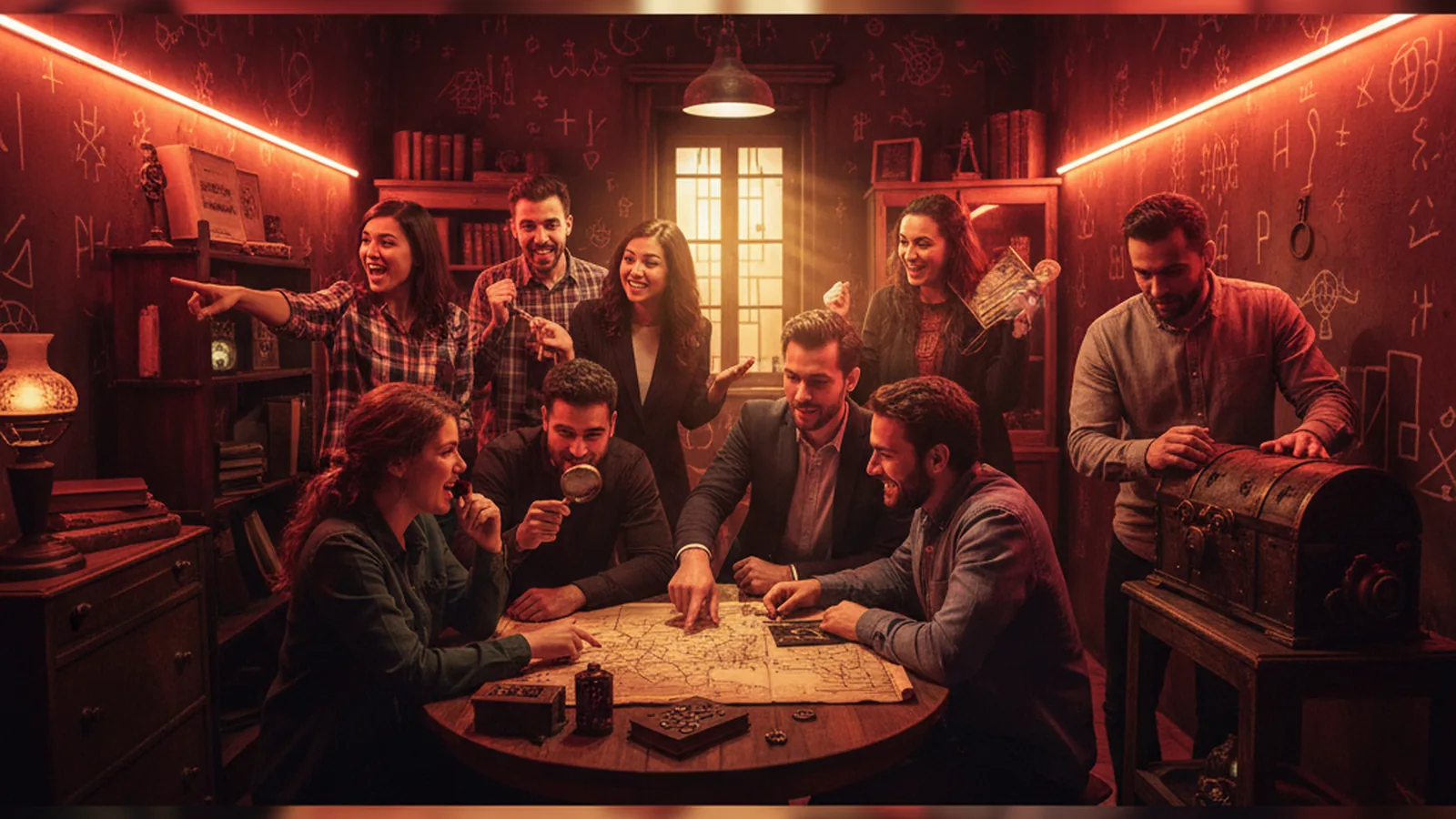 Vos collaborateurs se réveillent « après » un événement mystérieux dont ils n'ont aucun souvenir. Équipés d'une tablette tactile, ils doivent reconstituer le fil des événements à l'aide d'indices disséminés. Suspense, logique, coopération, fun. Format hybride qui capture l'esprit murder party sans sa complexité de production théâtrale.
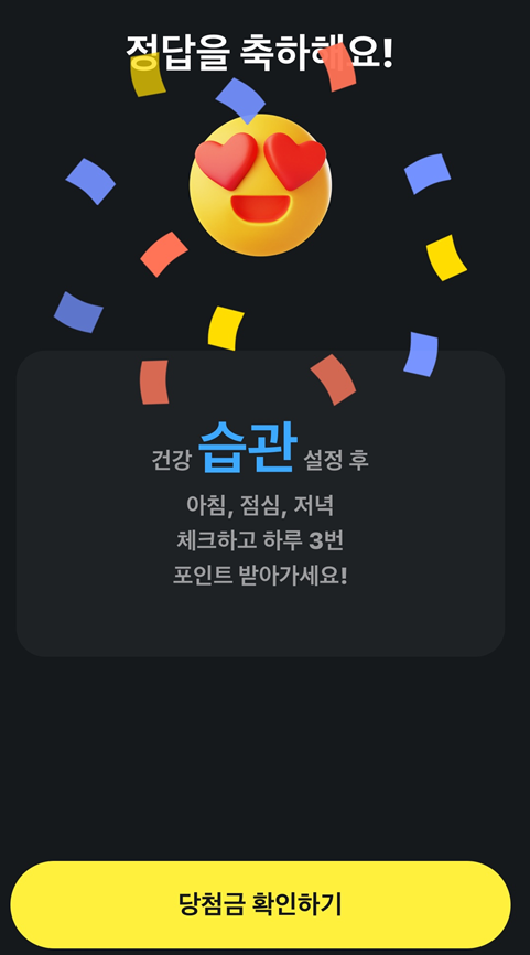 건강 습관 설정 후 아침, 전심, 저녁 체크하고 하루 3번 포인트 받아가세요!
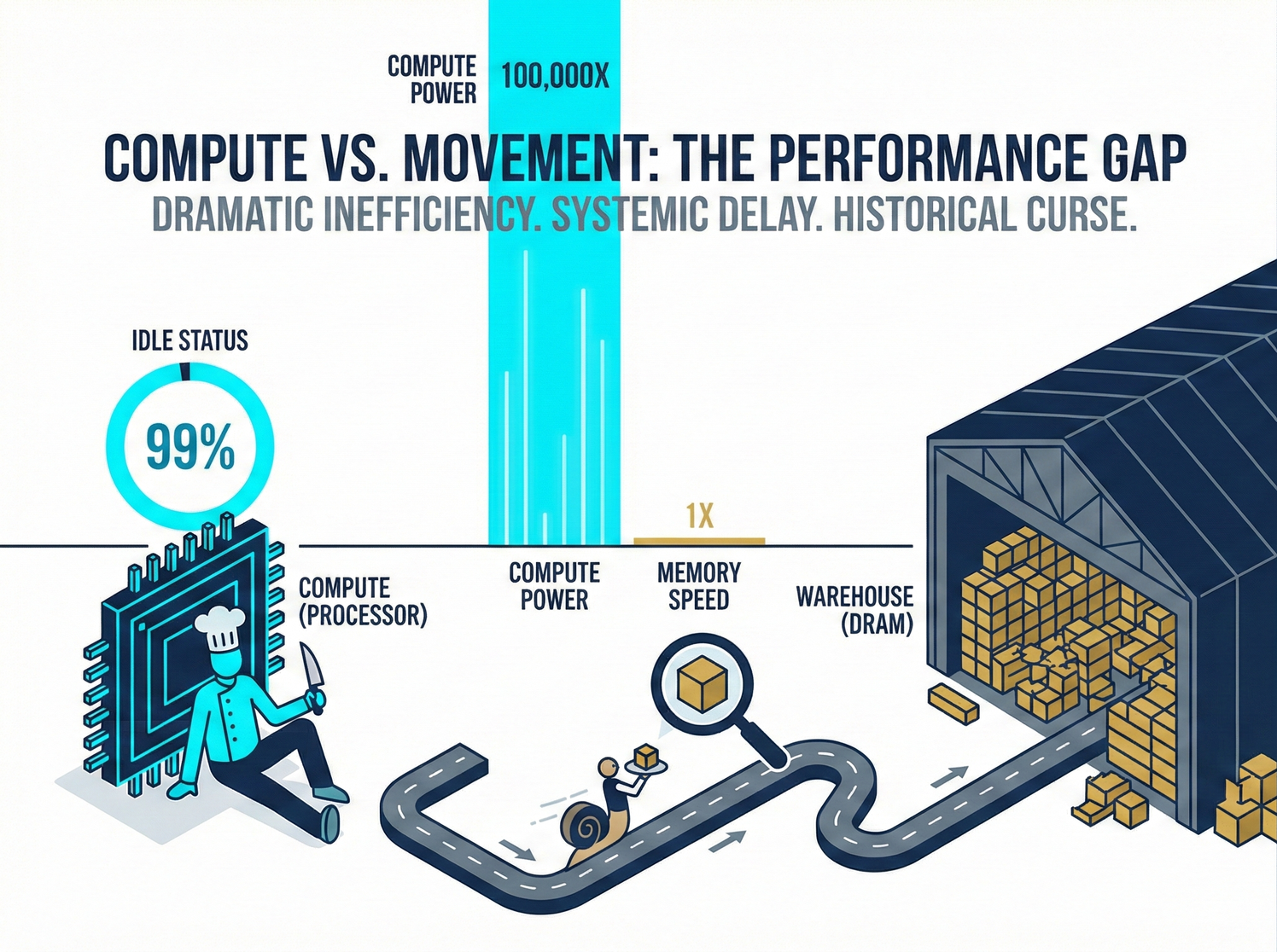 The tragedy unfolds: The chef's onion-chopping speed doubles every two years (Moore's Law); however, the waiter's walking speed has barely improved over the past decade. The result is: the chef spends 99% of his time idly tapping pots and staring blankly in the kitchen, waiting for the waiter to bring the next onion.
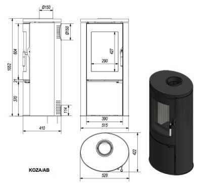 Печь Koza AB изготавливается из двух типов материалов: чугун и сталь (верхняя плита, дверца, решётка).
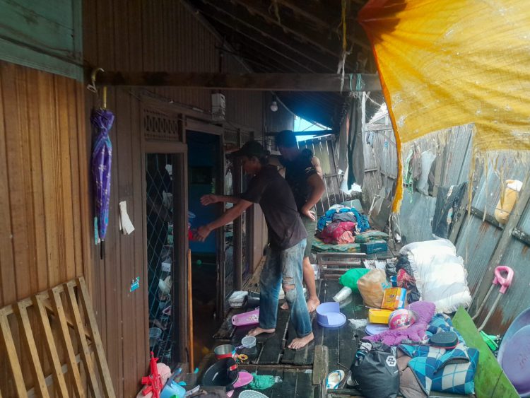 Patah pondasi rumah tersebut juga diperburuk oleh genangan air pasang yang kerap melanda kawasan tersebut.
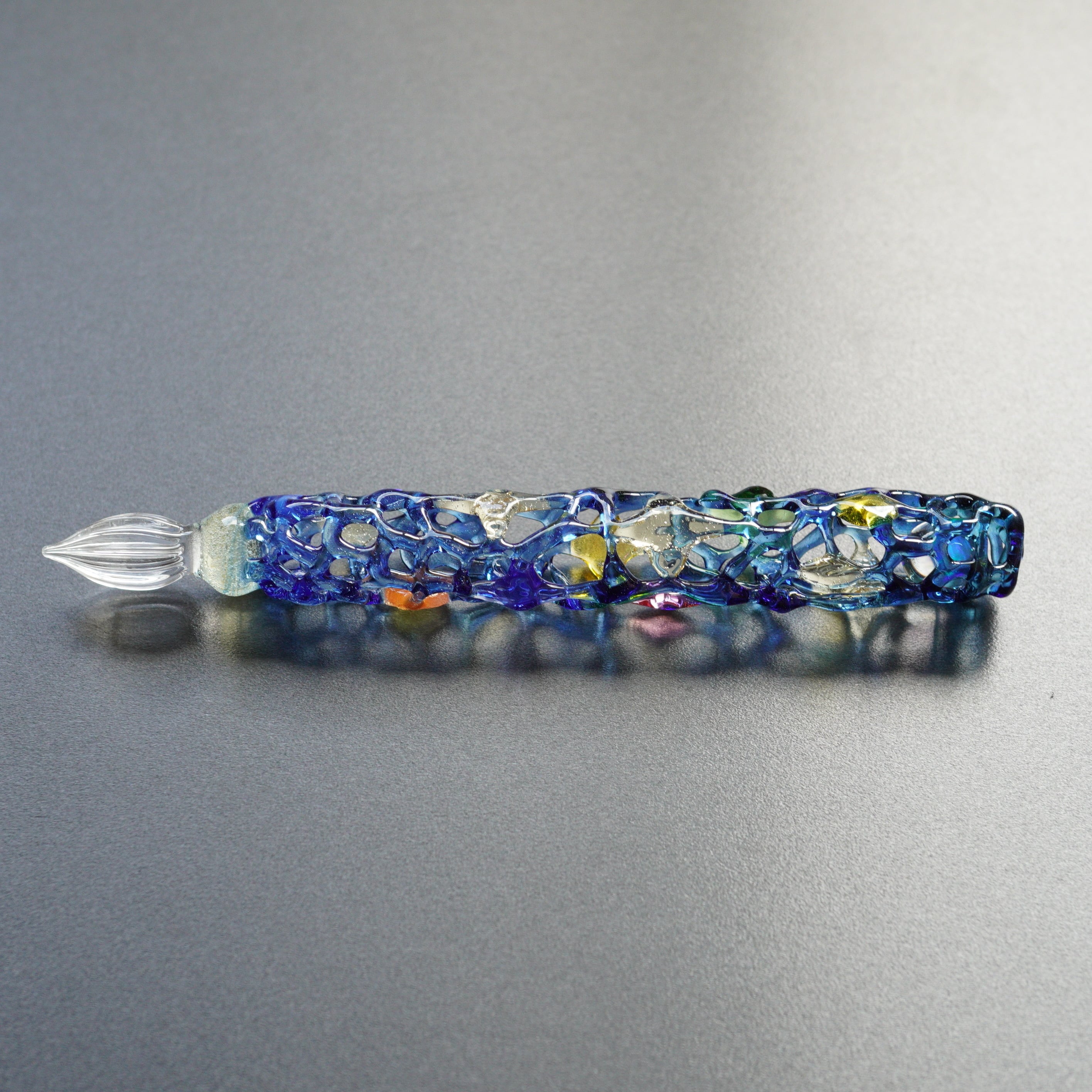 星の光が輝くようなデザインのゆりかごガラスペンです。様々な色の星がキラキラと瞬いています。
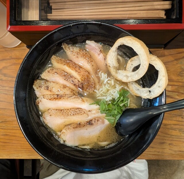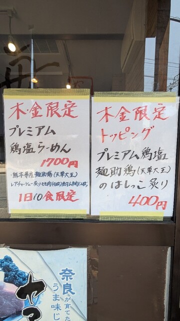 着席してから念の為、木金のみ10食限定で提供の「プレミアム鶏塩らーめん」1,700円税込がまだ残っているか尋ねたところ、不揃いなお肉で良ければ提供できるとのこと。それはラッキー。迷わずお願いです。
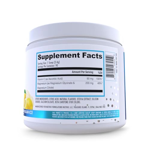 Supplement Facts: Each bottle now contains 90 servings of scoop-able, Lemon Italian Ice flavored powder. It is gluten* and dairy-free** and non-GMO**. Active ingredients include 90mg of Vitamin C and 200mg of Magnesium (as Bisglycinate Chelate, Magnesium Citrate).
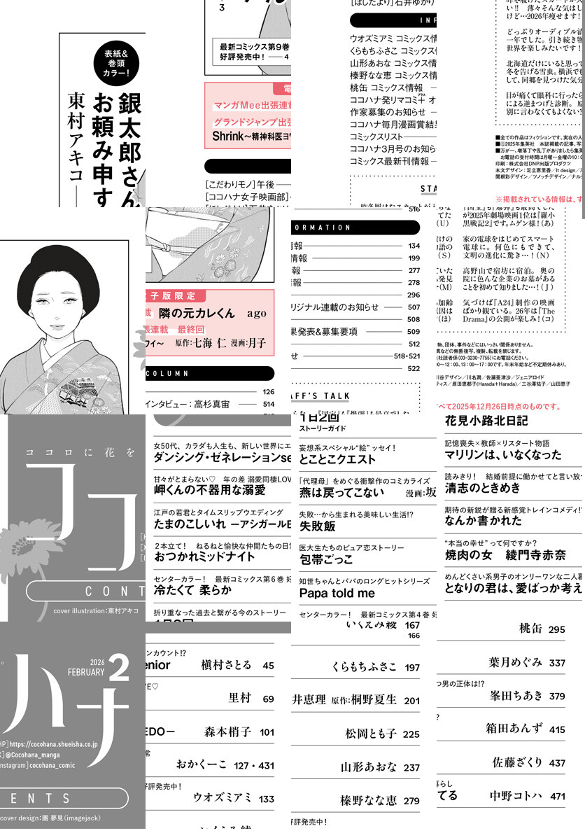 ★既刊続々重版!! 最新9巻発売中! 表紙&巻頭カラー 東村アキコ「銀太郎さんお頼み申す」 ★海外でも話題! 待望の最新6巻発売中!! センターカラー ウオズミアミ「冷たくて 柔らか」 ★最新4巻発売記念! センターカラー 桃缶「花見小路北日記」 ★真っ直ぐすぎる愛が溢れるLOVE読みきり! 峯田ちあき「清志のときめき」 ★新感覚トレインコメディ!? 読みきり 箱田あんず「なんか書かれた」 ★槇村さとる「ダンシング・ゼネレーションsenior」 ★里村「岬くんの不器用な溺愛」 ★森本梢子「たまのこしいれ ―アシガールEDO―」 ★2本立て! おかくーこ「おつかれミッドナイト」 ★いくえみ綾「1日2回」 ★くらもちふさこ「とことこクエスト」 ★漫画:坂井恵理 原作:桐野夏生「燕は戻ってこない」 ★松岡とも子「失敗飯」 ★山形あおな「包帯ごっこ」 ★榛野なな恵「Papa told me」 ★葉月めぐみ「マリリンは、いなくなった」 ★佐藤ざくり「焼肉の女 綾門寺赤奈」 ★中野コトハ「となりの君は、愛ばっか考えてる」 ★午後「こだわりモノ」 ★石井ゆかり「ほしだより」 ★電子版出張連載1 ago「隣の元カレくん」 ★電子版出張連載2(最終回) 原作:七海仁 漫画:月子「Shrink~精神科医ヨワイ~」 ※紙版に掲載されている作品・記事が、都合により電子版では掲載がない場合があります。
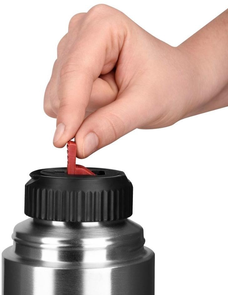 Клапан дає змогу наливати рідину, не знімаючи пробки. Термос можна без побоювання перевертати або класти на бік. Кришка може використовуватися як чашка.
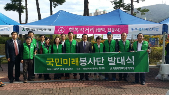 봉사활동에는 국민의당 당원이 아니더라도 대전지역의 소외계층을 위한 봉사활동에 참여하고자 하는 분들은 언제든 참여가능하다.”라며 국민미래봉사단에 대전시민의 많은 지지와 참여를 당부했다.
■ ■ ■ ■ ■ ■ ■
ACTIVITY >> Please return the material above only from the line that holds "Supplement Facts: Each" through the line that holds "Клапан дає змогу", exactly as it stands, ends included and pictures omitted.

ANSWER TO THE PROBLEM >>
 Supplement Facts: Each bottle now contains 90 servings of scoop-able, Lemon Italian Ice flavored powder. It is gluten* and dairy-free** and non-GMO**. Active ingredients include 90mg of Vitamin C and 200mg of Magnesium (as Bisglycinate Chelate, Magnesium Citrate).
 ★既刊続々重版!! 最新9巻発売中! 表紙&巻頭カラー 東村アキコ「銀太郎さんお頼み申す」 ★海外でも話題! 待望の最新6巻発売中!! センターカラー ウオズミアミ「冷たくて 柔らか」 ★最新4巻発売記念! センターカラー 桃缶「花見小路北日記」 ★真っ直ぐすぎる愛が溢れるLOVE読みきり! 峯田ちあき「清志のときめき」 ★新感覚トレインコメディ!? 読みきり 箱田あんず「なんか書かれた」 ★槇村さとる「ダンシング・ゼネレーションsenior」 ★里村「岬くんの不器用な溺愛」 ★森本梢子「たまのこしいれ ―アシガールEDO―」 ★2本立て! おかくーこ「おつかれミッドナイト」 ★いくえみ綾「1日2回」 ★くらもちふさこ「とことこクエスト」 ★漫画:坂井恵理 原作:桐野夏生「燕は戻ってこない」 ★松岡とも子「失敗飯」 ★山形あおな「包帯ごっこ」 ★榛野なな恵「Papa told me」 ★葉月めぐみ「マリリンは、いなくなった」 ★佐藤ざくり「焼肉の女 綾門寺赤奈」 ★中野コトハ「となりの君は、愛ばっか考えてる」 ★午後「こだわりモノ」 ★石井ゆかり「ほしだより」 ★電子版出張連載1 ago「隣の元カレくん」 ★電子版出張連載2(最終回) 原作:七海仁 漫画:月子「Shrink~精神科医ヨワイ~」 ※紙版に掲載されている作品・記事が、都合により電子版では掲載がない場合があります。
 Клапан дає змогу наливати рідину, не знімаючи пробки. Термос можна без побоювання перевертати або класти на бік. Кришка може використовуватися як чашка.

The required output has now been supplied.